Data Sampling Using the API
This goes without saying, but stakeholders generally expect perfect data, matching to the Google Analytics console at all times. Be careful as you work with your data to ensure that if sampling is happening, to what degree it is and it is communicated to stakeholders. In some cases, you’ll have more flexibility but perfect data is never guaranteed when working with the API unless you’re within the limits noted above.
Governance
It is sad to say, but we’ve seen organizations that have different numbers for the same metric between dashboards, due to a difference in methodologies of calculating the metric. I touched on this earlier, but if you can reuse a dataset that is ideal to maintain consistency in reporting. Conversely, adding new fields to an existing dataset isn’t a bad idea and could save a ton of time in the long run. I’ve also seen departments hampered by API quotas when data requests are not optimized and orchestrated—meaning reports that worked well for years begin to fail because someone else started running extracts at the same time, causing complete failure or sampling. This can happen out of the blue if there’s no governance in how data is pulled from Google Analytics, so be mindful of how many folks in your organization are making use of the API and you’re sticking to the limits.
Tips and Tricks (BONUS)
If you’re working with the BigQuery DTS, consider triggering your ETL process based on when data shows up as documented in your log files. Some organizations schedule their ETL processes to run at certain times only to find the data is missing and needs to be re-run later on. This is a foolproof method of ensuring your data shows up.

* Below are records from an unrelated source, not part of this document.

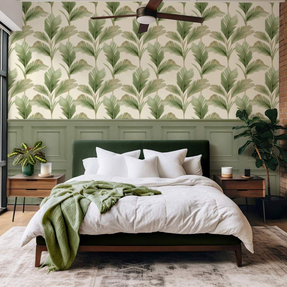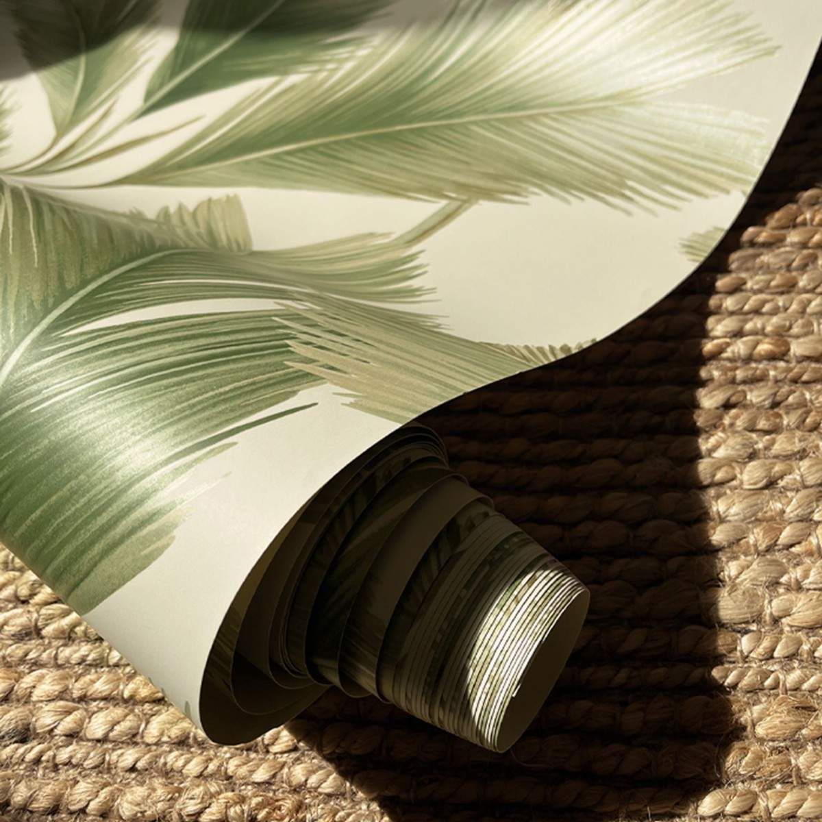 Kailani Palm Tree Leaves Sage Green & Cream Wallpaper 59122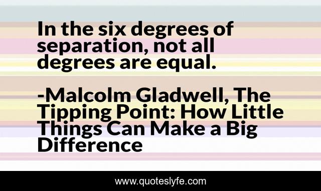 "Malcolm Gladwell, The Tipping Point: How Little Things Can Make a Big Difference Quotes." Quoteslyfe.com, 2025. Sat. 06 Dec. 2025. <https://www.quoteslyfe.com/quote/In-the-six-degrees-of-separation-not-237532>.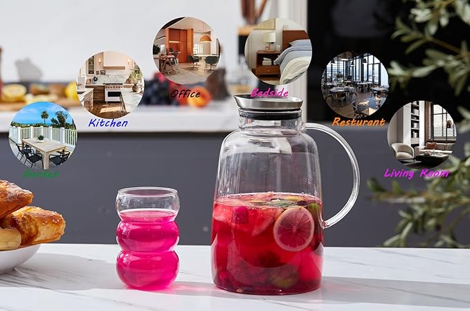 - [Elegant Design]: This glass pitcher has a classic design, Handmade, beautiful looking, large handle for comfortable grip. Proper size for making it a practical kitchenware, but also an attractive decoration on the table when you make nice-looking beverage. This pitcher is widely used for water, fruit infused water, cold brew iced coffee, iced tea, hot tea, lemonade, cucumber water, fruit soda, homemade beverages, sangria, fruit alcoholic drinks, milk, wine, cocktails, juice, etc.

When using the API, also make use of the “isdatagolden” field to ensure your reporting is complete. Retry extracting data until this field is set to “true” to ensure the highest data quality.

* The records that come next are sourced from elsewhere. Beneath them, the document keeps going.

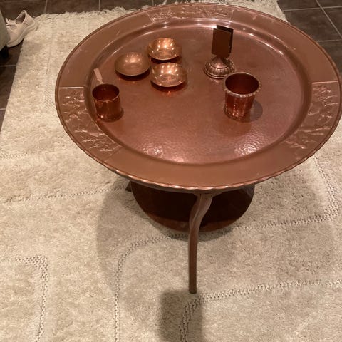 Røkebord med diverse kobbergjenstander selges
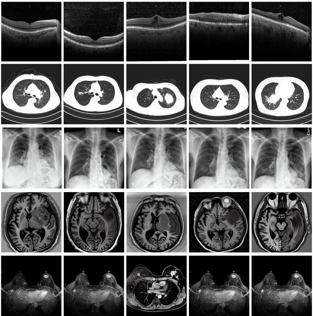 實驗結果顯示,MINIM生成的合成數據在醫(yī)生主觀評測指標和多項客觀檢驗標準方面達國際領先水平,在臨床應用中具有重要參考價值。在真實數據基礎上,使用20倍合成數據在眼科、胸科、腦科和乳腺科的多個醫(yī)學任務準確率平均可提升12%至17%。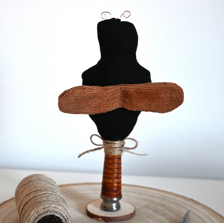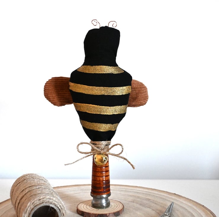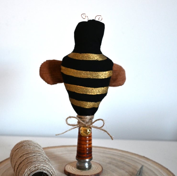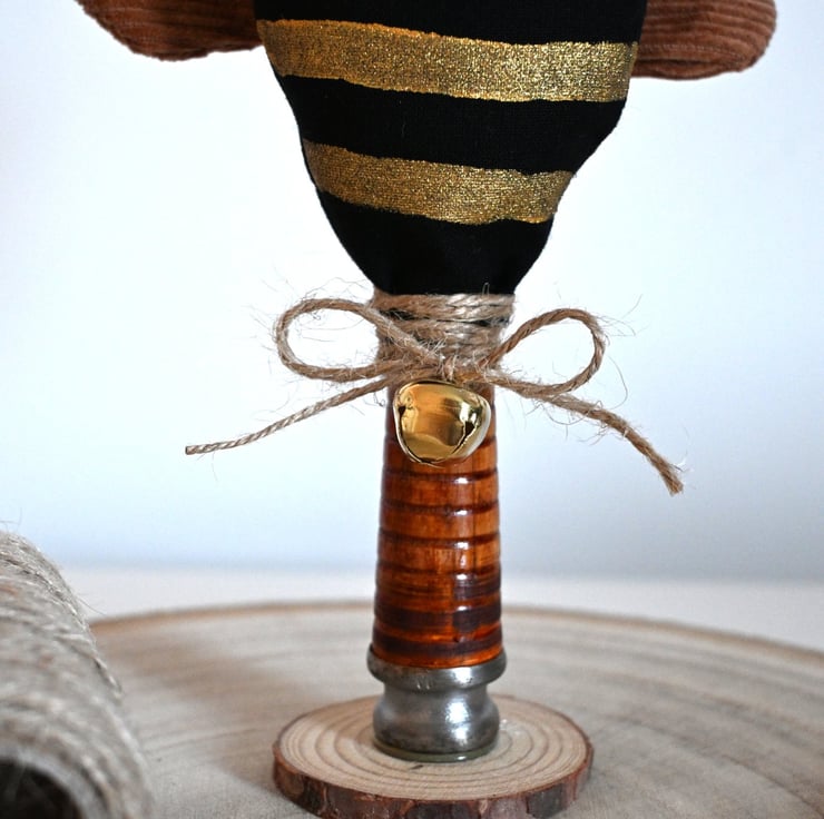 The bee stands on a repurposed bobbin and has a twine tied in a bow and a little brass bell.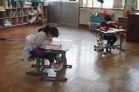 今日と明日は学力テストです。問題をよく読んで解き、見直しもしているようです。
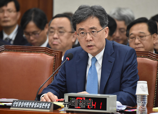 김현종 통상교섭본부장이 13일 오전 국회에서 열린 국회 산업통상자원중소벤처기업위원회의 산업통상자원부에 대한 국정감사에서 의원들의 질문에 답하고 있다.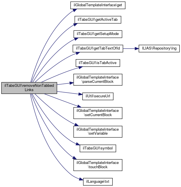 Here is the caller graph for this function:| ilTabsGUI::removeNonTabbedLinks | ( | ) |

Stakeholders will appreciate knowing when your data was last refreshed. We typically capture this when an ETL process has been completed to embed into a report or dashboard frontend. Ultimately, it will create less questions for you so we highly recommend this little trick to help better manage stakeholder expectations.
Technical debt is the arch nemesis of a well-run ETL process. When something breaks do you have folks available and documentation to support fixing it? Make time to document how things work today—your future self will thank you.